◆ HOW TO COMPLETE THIS TASK
Reproduce exactly, and solely, the lines running from the top of the data below through the line with "bağlı. Not: Bazı", both inclusive. Omit pictures.

··· INPUT DATA

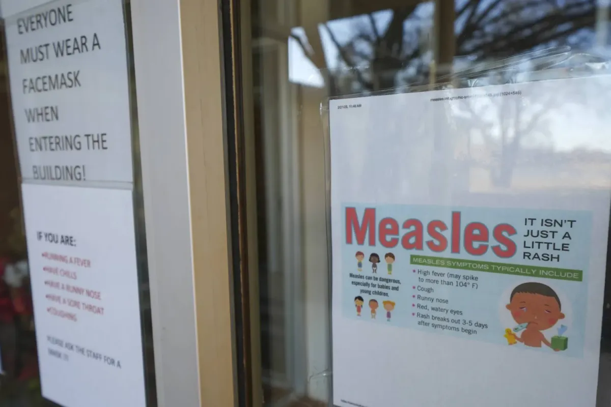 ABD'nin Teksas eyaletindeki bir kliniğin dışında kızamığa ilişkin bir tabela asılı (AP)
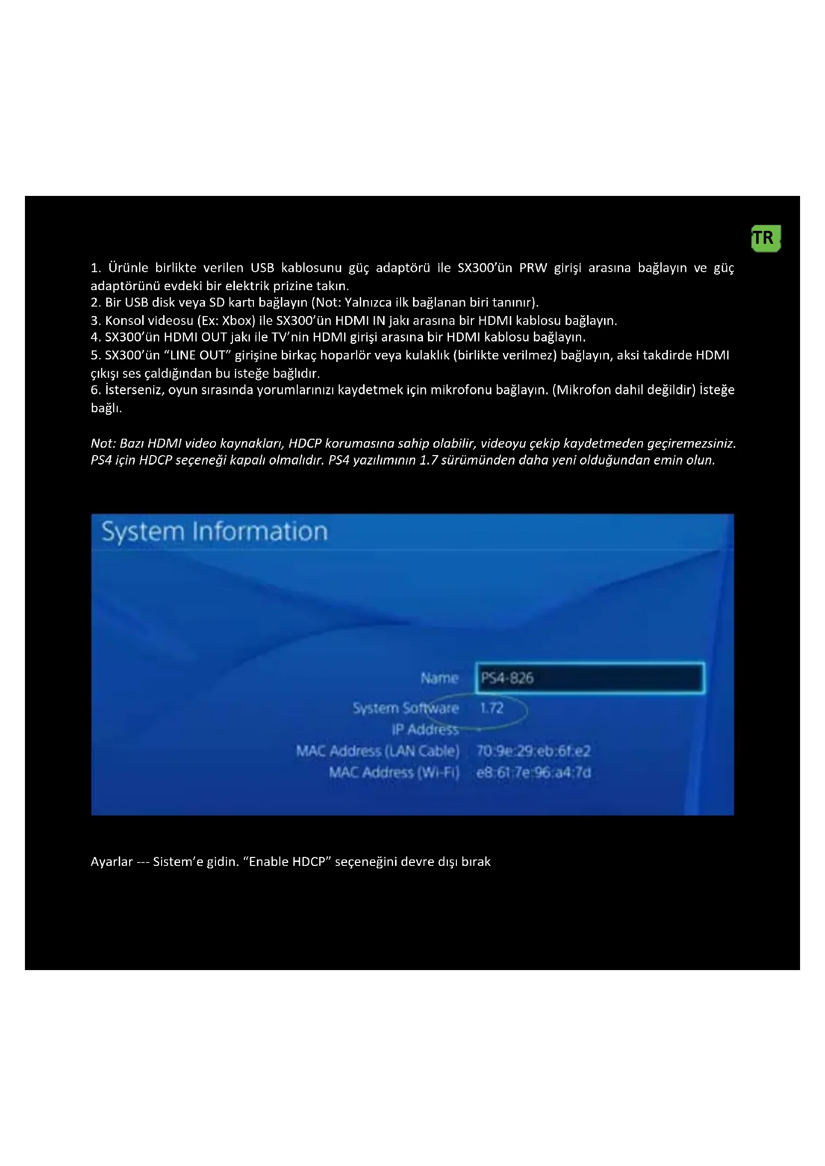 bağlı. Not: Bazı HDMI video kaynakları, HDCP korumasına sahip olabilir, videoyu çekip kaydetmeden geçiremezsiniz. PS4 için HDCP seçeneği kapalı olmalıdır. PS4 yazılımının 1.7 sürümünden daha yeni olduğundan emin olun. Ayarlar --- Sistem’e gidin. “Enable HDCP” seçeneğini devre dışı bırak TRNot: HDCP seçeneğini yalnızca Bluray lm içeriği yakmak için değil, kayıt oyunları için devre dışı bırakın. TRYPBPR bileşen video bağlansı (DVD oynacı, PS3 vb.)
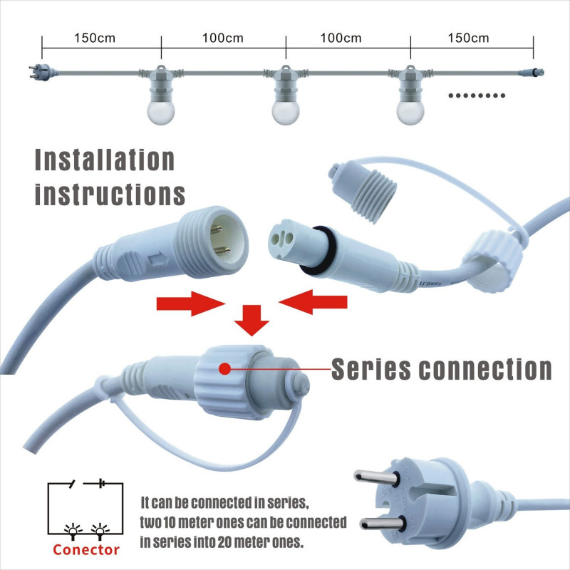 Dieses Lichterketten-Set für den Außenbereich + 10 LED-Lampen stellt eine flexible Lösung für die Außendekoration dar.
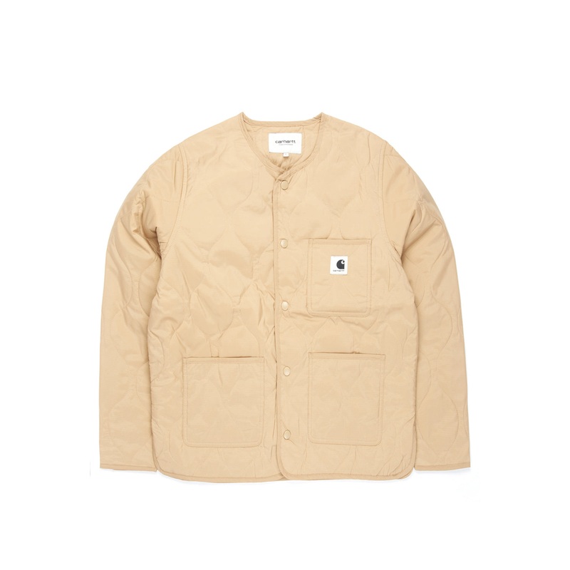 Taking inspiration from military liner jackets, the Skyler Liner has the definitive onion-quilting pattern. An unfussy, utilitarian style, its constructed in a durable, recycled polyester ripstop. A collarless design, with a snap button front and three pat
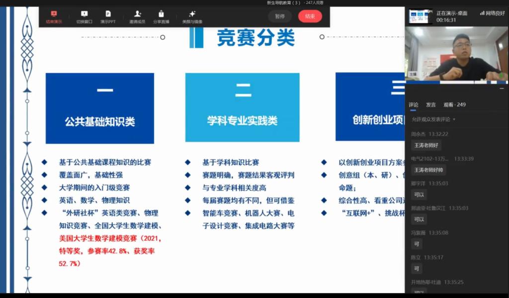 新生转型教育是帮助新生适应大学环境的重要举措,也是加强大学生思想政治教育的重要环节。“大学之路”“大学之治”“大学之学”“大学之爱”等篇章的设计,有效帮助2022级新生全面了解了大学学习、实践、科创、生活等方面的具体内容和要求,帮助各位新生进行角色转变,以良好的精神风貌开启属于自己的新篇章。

······

◆ OUTPUT OF THE TASK
 ABD'nin Teksas eyaletindeki bir kliniğin dışında kızamığa ilişkin bir tabela asılı (AP)
 bağlı. Not: Bazı HDMI video kaynakları, HDCP korumasına sahip olabilir, videoyu çekip kaydetmeden geçiremezsiniz. PS4 için HDCP seçeneği kapalı olmalıdır. PS4 yazılımının 1.7 sürümünden daha yeni olduğundan emin olun. Ayarlar --- Sistem’e gidin. “Enable HDCP” seçeneğini devre dışı bırak TRNot: HDCP seçeneğini yalnızca Bluray lm içeriği yakmak için değil, kayıt oyunları için devre dışı bırakın. TRYPBPR bileşen video bağlansı (DVD oynacı, PS3 vb.)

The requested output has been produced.